**RECORD EXTRACTS:**
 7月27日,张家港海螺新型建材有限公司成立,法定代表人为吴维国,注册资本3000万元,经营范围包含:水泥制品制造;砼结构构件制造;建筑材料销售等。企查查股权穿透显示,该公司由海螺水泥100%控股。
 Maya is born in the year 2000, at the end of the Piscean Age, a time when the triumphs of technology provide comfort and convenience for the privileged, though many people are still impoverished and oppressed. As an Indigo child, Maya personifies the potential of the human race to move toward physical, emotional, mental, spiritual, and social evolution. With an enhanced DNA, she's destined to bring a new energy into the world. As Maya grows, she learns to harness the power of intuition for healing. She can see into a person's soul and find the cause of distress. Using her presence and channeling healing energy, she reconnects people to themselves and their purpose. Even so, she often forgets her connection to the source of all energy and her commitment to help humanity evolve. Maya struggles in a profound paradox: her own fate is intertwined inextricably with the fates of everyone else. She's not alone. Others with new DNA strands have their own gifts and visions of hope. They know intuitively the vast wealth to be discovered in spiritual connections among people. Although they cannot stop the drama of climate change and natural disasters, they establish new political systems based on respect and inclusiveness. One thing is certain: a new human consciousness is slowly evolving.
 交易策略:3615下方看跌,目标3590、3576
* * *
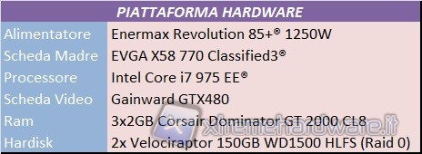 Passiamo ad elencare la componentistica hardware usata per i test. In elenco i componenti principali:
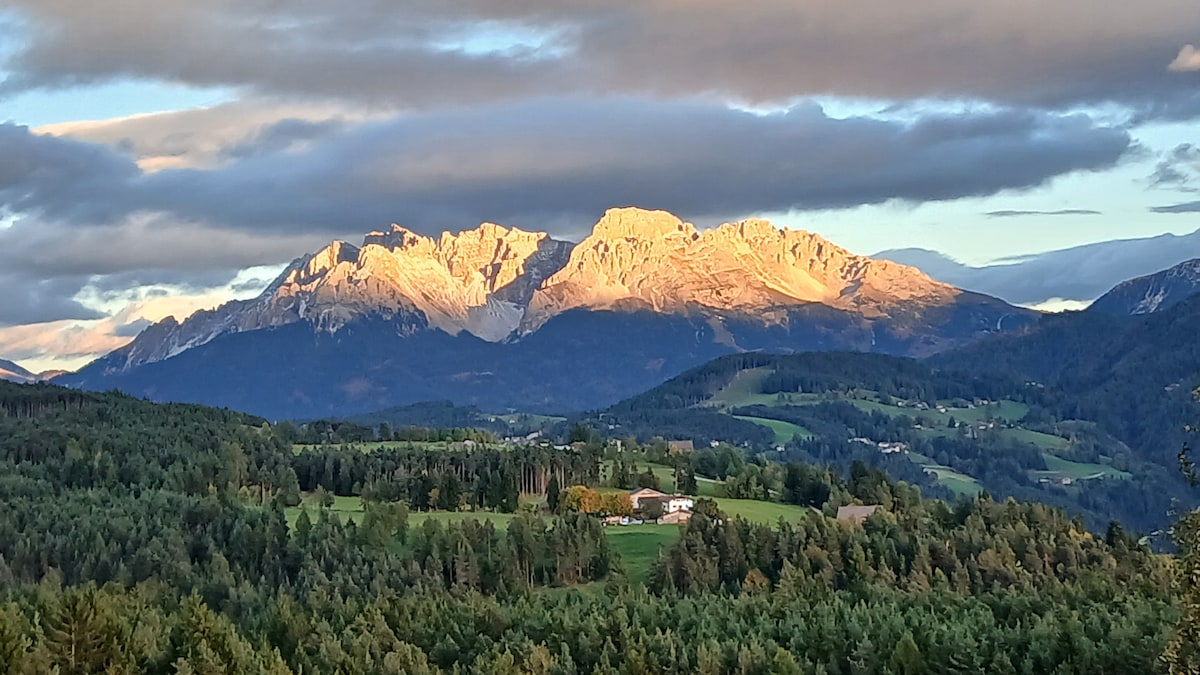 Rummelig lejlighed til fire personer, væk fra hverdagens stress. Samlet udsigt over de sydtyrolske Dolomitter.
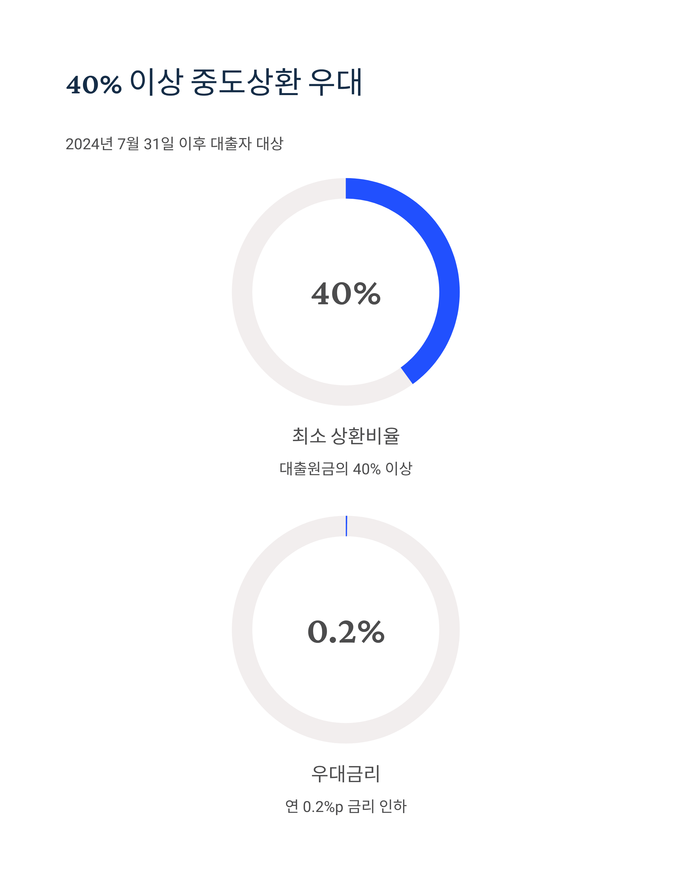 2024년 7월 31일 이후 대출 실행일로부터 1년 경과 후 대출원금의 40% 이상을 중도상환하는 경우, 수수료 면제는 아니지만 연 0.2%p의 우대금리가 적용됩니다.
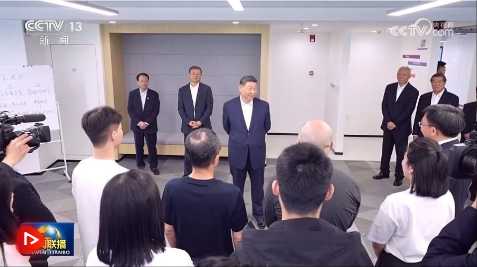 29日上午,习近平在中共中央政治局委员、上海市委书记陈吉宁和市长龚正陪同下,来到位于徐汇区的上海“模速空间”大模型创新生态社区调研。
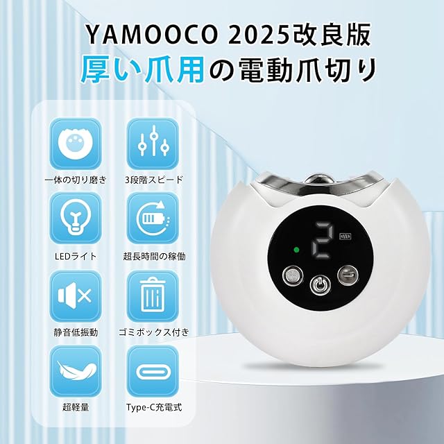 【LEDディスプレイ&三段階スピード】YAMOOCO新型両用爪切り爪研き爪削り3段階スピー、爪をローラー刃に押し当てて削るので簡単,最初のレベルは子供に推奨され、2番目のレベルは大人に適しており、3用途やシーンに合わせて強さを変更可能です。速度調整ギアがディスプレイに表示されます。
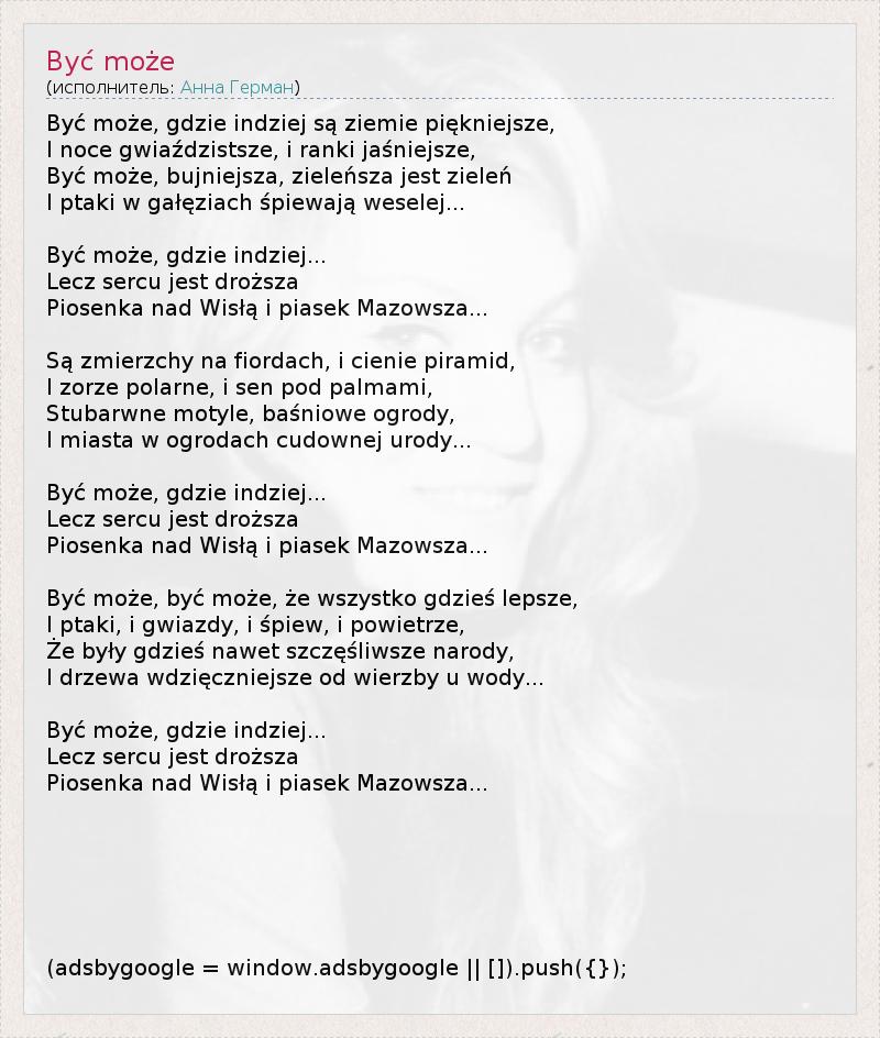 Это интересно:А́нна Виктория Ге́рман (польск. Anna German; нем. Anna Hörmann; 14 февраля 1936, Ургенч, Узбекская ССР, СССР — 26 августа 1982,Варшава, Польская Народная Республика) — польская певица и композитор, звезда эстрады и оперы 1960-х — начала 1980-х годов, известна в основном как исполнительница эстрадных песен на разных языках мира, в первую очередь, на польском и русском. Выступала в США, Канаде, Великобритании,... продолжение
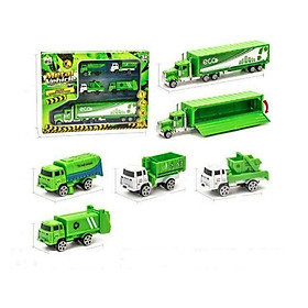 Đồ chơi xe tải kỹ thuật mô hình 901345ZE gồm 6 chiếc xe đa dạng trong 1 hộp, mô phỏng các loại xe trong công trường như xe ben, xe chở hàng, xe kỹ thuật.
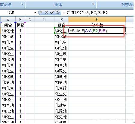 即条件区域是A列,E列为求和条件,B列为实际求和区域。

**WHAT TO DO:** Would you retype exactly the lines above, from the line with "7月27日,张家港海螺新型建" to the line with "交易策略:3615下方看跌,目标3590、3576", with both end lines kept and nothing more?

**SOLVED EXERCISE:**
 7月27日,张家港海螺新型建材有限公司成立,法定代表人为吴维国,注册资本3000万元,经营范围包含:水泥制品制造;砼结构构件制造;建筑材料销售等。企查查股权穿透显示,该公司由海螺水泥100%控股。
 Maya is born in the year 2000, at the end of the Piscean Age, a time when the triumphs of technology provide comfort and convenience for the privileged, though many people are still impoverished and oppressed. As an Indigo child, Maya personifies the potential of the human race to move toward physical, emotional, mental, spiritual, and social evolution. With an enhanced DNA, she's destined to bring a new energy into the world. As Maya grows, she learns to harness the power of intuition for healing. She can see into a person's soul and find the cause of distress. Using her presence and channeling healing energy, she reconnects people to themselves and their purpose. Even so, she often forgets her connection to the source of all energy and her commitment to help humanity evolve. Maya struggles in a profound paradox: her own fate is intertwined inextricably with the fates of everyone else. She's not alone. Others with new DNA strands have their own gifts and visions of hope. They know intuitively the vast wealth to be discovered in spiritual connections among people. Although they cannot stop the drama of climate change and natural disasters, they establish new political systems based on respect and inclusiveness. One thing is certain: a new human consciousness is slowly evolving.
 交易策略:3615下方看跌,目标3590、3576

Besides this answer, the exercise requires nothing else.